The digital universe – consisting of all the data we create annually – is currently doubling in size every 12 months. According to research by IDC, it is expected to reach 44 zettabytes – that’s 44 trillion gigabytes – in size by 2020 and will contain nearly as many digital bits as there are stars in the universe.1 What’s more, these projections may actually be conservative given the rise of IoT. Likewise, it is estimated that by 2030 more than 90% of this data will be unstructured. This explosion of data is of course far outstripping our capacities to use it. A small fraction is in a traditional structure form that is easily accessible and usable by organizations, a larger section of big data is unstructured but at least somewhat accessible, while the vast majority is simply hidden all together going unseen and unused, this, we can call dark data.
As Alessandro Curioni of IBM notes2 “80% of all this data that is created is dark, unstructured data, data that the computers we have developed in the last 40 years are not able to analyze efficiently… we miss 80% of the knowledge inside of this data.” Few organizations have been able to explore non-traditional data sources such as audio, image, and video files; the growing flow of machine and sensor information generated by the Internet of Things; and the enormous stores of raw data found in the unexplored depths of the ‘deep web.’ These all constitute dark data. As an example, we can think of supply chain data. A recent Gartner survey found that 85% of respondents felt that supply chain complexity is now a significant and growing challenge for their operations. Supply chain is a data-driven industry, spanning across a network of global suppliers, distribution channels and customer base, this industry churns out data in big numbers. Given that an estimated only 5% of this data is being used there is ample opportunity for big data technologies to bring this 95% dark data to light.
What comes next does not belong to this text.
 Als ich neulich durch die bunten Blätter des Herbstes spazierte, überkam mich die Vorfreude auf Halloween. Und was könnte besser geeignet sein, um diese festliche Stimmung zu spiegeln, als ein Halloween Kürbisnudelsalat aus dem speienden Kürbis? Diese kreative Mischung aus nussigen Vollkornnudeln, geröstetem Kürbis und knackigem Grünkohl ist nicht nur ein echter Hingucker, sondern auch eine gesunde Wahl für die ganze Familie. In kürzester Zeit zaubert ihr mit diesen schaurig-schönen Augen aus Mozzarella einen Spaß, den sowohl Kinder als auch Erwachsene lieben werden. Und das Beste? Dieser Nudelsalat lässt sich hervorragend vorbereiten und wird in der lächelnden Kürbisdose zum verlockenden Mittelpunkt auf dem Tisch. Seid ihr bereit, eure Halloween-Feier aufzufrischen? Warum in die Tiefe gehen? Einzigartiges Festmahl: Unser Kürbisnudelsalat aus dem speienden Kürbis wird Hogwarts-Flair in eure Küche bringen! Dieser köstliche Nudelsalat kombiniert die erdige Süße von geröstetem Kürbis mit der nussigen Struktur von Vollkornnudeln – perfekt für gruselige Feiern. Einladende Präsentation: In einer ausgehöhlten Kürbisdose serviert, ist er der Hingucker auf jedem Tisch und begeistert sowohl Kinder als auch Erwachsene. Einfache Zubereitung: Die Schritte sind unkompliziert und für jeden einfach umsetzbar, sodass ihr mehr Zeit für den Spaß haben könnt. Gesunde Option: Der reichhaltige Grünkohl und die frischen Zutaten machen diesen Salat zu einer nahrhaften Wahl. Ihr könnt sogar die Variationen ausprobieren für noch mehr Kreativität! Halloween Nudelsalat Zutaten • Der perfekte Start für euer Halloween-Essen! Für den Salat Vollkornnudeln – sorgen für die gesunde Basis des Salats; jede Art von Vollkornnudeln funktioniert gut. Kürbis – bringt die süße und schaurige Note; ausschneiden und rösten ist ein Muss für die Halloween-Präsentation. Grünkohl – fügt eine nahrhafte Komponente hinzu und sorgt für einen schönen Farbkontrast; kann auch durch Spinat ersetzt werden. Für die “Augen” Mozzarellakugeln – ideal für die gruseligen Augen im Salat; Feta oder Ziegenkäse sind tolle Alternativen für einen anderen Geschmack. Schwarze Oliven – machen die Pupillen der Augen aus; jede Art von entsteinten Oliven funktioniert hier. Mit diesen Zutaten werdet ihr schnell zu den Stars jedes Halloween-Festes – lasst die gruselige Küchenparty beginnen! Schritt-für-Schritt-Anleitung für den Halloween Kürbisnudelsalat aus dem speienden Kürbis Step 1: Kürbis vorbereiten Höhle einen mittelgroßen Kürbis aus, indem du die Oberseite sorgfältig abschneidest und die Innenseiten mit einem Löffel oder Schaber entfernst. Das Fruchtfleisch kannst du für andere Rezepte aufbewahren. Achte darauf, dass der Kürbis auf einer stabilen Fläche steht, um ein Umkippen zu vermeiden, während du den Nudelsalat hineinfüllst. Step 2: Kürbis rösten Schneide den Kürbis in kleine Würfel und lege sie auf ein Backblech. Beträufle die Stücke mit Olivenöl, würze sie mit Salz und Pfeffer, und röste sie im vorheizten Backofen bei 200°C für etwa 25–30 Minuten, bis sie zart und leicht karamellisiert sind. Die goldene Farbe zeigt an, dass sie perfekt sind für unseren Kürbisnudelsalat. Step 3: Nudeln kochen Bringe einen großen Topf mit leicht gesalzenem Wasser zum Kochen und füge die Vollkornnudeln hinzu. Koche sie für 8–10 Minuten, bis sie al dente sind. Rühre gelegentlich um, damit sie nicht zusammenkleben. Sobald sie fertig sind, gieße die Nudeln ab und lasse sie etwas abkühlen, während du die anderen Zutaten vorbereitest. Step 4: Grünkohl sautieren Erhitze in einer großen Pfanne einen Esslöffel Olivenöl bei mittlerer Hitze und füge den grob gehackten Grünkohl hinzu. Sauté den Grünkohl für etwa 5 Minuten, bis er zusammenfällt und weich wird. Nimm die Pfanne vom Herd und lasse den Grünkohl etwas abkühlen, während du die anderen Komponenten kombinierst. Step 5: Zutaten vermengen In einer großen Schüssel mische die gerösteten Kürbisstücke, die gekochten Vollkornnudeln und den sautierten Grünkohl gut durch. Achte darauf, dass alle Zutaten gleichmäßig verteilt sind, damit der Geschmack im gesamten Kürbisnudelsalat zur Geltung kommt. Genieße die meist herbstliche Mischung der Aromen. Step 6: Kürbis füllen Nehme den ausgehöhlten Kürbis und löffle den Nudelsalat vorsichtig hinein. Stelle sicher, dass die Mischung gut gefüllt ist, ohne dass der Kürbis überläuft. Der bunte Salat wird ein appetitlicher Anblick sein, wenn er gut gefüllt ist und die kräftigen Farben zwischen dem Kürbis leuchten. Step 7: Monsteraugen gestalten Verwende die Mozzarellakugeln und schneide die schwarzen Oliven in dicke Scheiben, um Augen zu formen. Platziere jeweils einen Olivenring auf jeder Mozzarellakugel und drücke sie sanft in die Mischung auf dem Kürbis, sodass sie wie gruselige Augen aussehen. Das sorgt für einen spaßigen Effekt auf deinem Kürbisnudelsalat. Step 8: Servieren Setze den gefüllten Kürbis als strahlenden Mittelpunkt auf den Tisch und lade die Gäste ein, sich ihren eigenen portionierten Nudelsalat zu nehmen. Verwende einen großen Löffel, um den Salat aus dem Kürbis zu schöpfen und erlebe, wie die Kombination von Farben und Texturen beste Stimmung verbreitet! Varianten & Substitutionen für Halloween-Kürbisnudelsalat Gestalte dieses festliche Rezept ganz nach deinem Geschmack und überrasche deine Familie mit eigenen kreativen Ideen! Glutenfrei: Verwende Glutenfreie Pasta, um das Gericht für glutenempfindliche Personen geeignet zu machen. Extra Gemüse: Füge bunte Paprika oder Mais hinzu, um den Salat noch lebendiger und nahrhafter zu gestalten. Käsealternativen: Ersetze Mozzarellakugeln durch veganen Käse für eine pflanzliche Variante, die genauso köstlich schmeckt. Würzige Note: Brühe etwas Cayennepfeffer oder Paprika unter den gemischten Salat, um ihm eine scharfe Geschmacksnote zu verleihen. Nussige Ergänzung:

Dark data was a term coined by the IT consulting firm Gartner who define it as3 “the information assets organizations collect, process and store during regular business activities, but generally fail to use for other purposes – for example, analytics, business relationships and direct monetizing. Similar to dark matter in physics, dark data often comprises most organizations’ universe of information assets.” Data may be considered dark for a number of different reasons because it is unstructured, because it is behind a firewall on the internet, it may be dark because of speed or volume, or because people simply have not made the connections between the different datasets. In many organizations, large collections of both structured and unstructured data sit idle. On the structured side, it’s typically because connections haven’t been easy to make between disparate data sets that may have meaning—especially information that lives outside of a given system, business unit or function. Regarding “traditional” unstructured data, such as emails, messages, documents, logs, notifications. These are often text-based and reside within organizational firewalls but remain largely untapped, this may be because they do not reside in a relational database or because until relatively recently, the tools and techniques needed to leverage them efficiently did not exist. Buried within these unstructured data assets could be valuable information.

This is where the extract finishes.